— Hiroshima mon amour.
— Oui. Je n’ai rien compris.
J’éclatai de rire.
— Ne t’inquiète pas, beaucoup de francophones ont vécu ce phénomène. Raison de plus pour aller à Hiroshima, inventai-je.
— Tu veux dire que si on lit ce livre à Hiroshima, on le comprend ?
— Sûrement, promulguai-je.
— C’est idiot. Je n’ai pas besoin d’aller à Venise pour comprendre Mort à Venise, ni à Parme pour lire La Chartreuse de Parme...

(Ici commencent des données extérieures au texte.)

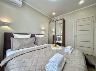 - Удобная большая двуспальная кровать king size с выглаженным постельным бельём из качественного материала (хлопок) и ортопедическим матрасом. Также большой раскладной удобный диван. Спальных мест 4 (2+2);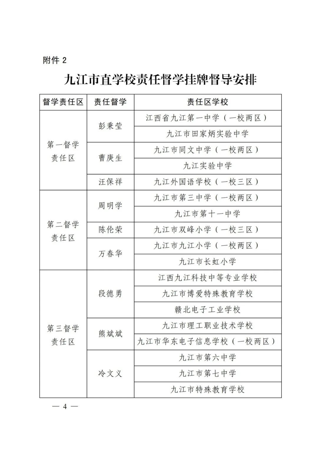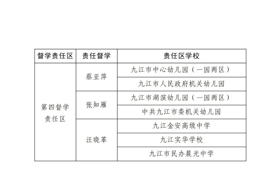 按照国务院《督学管理条例》、教育部《督学管理暂行办法》以及国家、省、市关于中小学校、幼儿园责任督学挂牌督导有关文件要求,为进一步加强教育督导队伍建设,提高教育督导工作水平,更好地服务于打造“公平、优质、全面、融合”的新样态九江教育,经组织遴选,市政府教育督导委员会办公室研究,决定聘任段德勇等12名同志为新一届九江市直学校责任督学。根据市教育局直属学校(共25所学校、36个校区)学段、布局、规模等情况,划分4个督学责任区,每个督学责任区配备3名责任督学。具体见附件。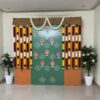 - Backdrop: Behind the decoration, there is a shiny gold fringe curtain that gives a festive look and serves as the background for the main setup.
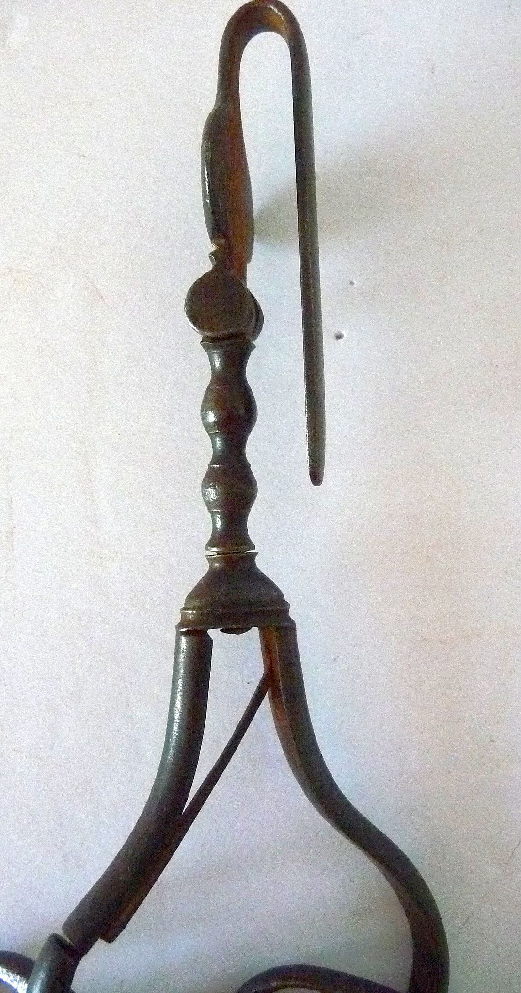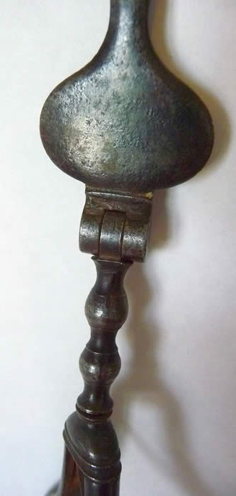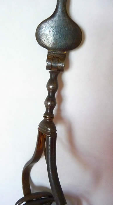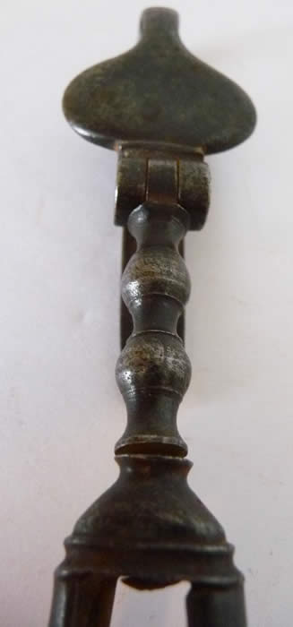 This rare early blacksmith made iron key keeper would have been clipped to a belt. It is spring loaded to open it. The blacksmith work is truly beautiful. Found in New Hampshire.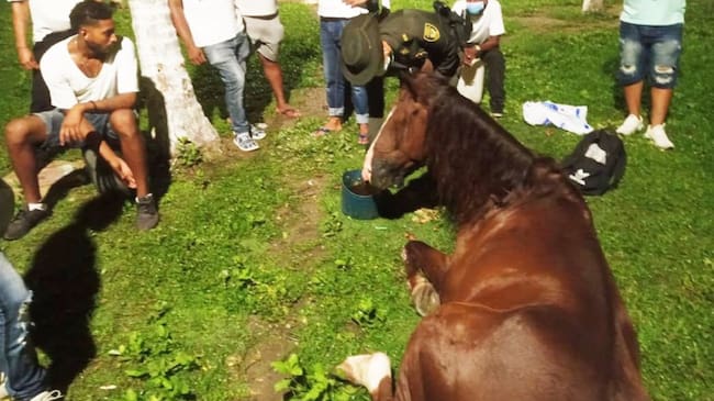 La Policía Nacional a través del grupo de Protección Ambiental de Cartagena, prestó asistencia veterinaria a un equino que se desplomó en la Avenida Santander. Según el organismo policial, este animal fue encontrado exhausto con señales de deshidratación e hipocalcemia, generando así su debilidad motivo por el cual, se encontraba tirado y sin poder levantarse.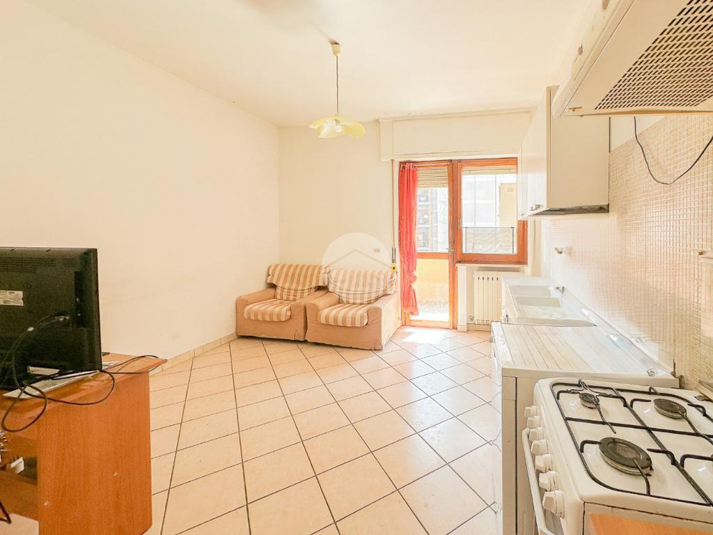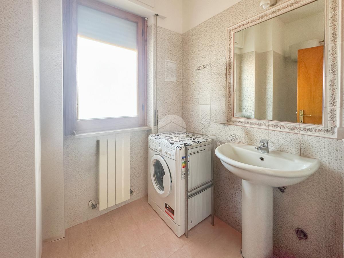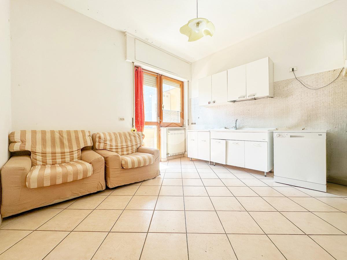 L’ingresso si apre su un luminoso soggiorno con affaccio esterno condiviso con una cucina abitabile dove trova spazio anche un pratico ripostiglio.

Dès l’aéroport d’Hiroshima, j’eus une impression très spécifique : nous n’étions pas en 1989. Je ne savais plus en quelle année nous étions : certes, pas en 1945, mais cela ressemblait aux années cinquante ou soixante. Le choc atomique avait-il ralenti le cours du temps ? Les constructions modernes ne manquaient pas, les gens étaient habillés normalement, les véhicules ne différaient pas de ceux du Japon entier. C’était comme si, ici, les êtres vivaient plus fort qu’ailleurs. Habiter une ville dont le nom signifiait, pour la planète entière, la mort avait exalté en eux la fibre vivante ; il en résultait une impression d’optimisme qui recréait l’ambiance d’une époque où l’on croyait encore en l’avenir.
Ce constat m’atteignit au coeur. Je fus d’emblée bouleversée par cette ville à l’atmosphère déchirante de bonheur courageux.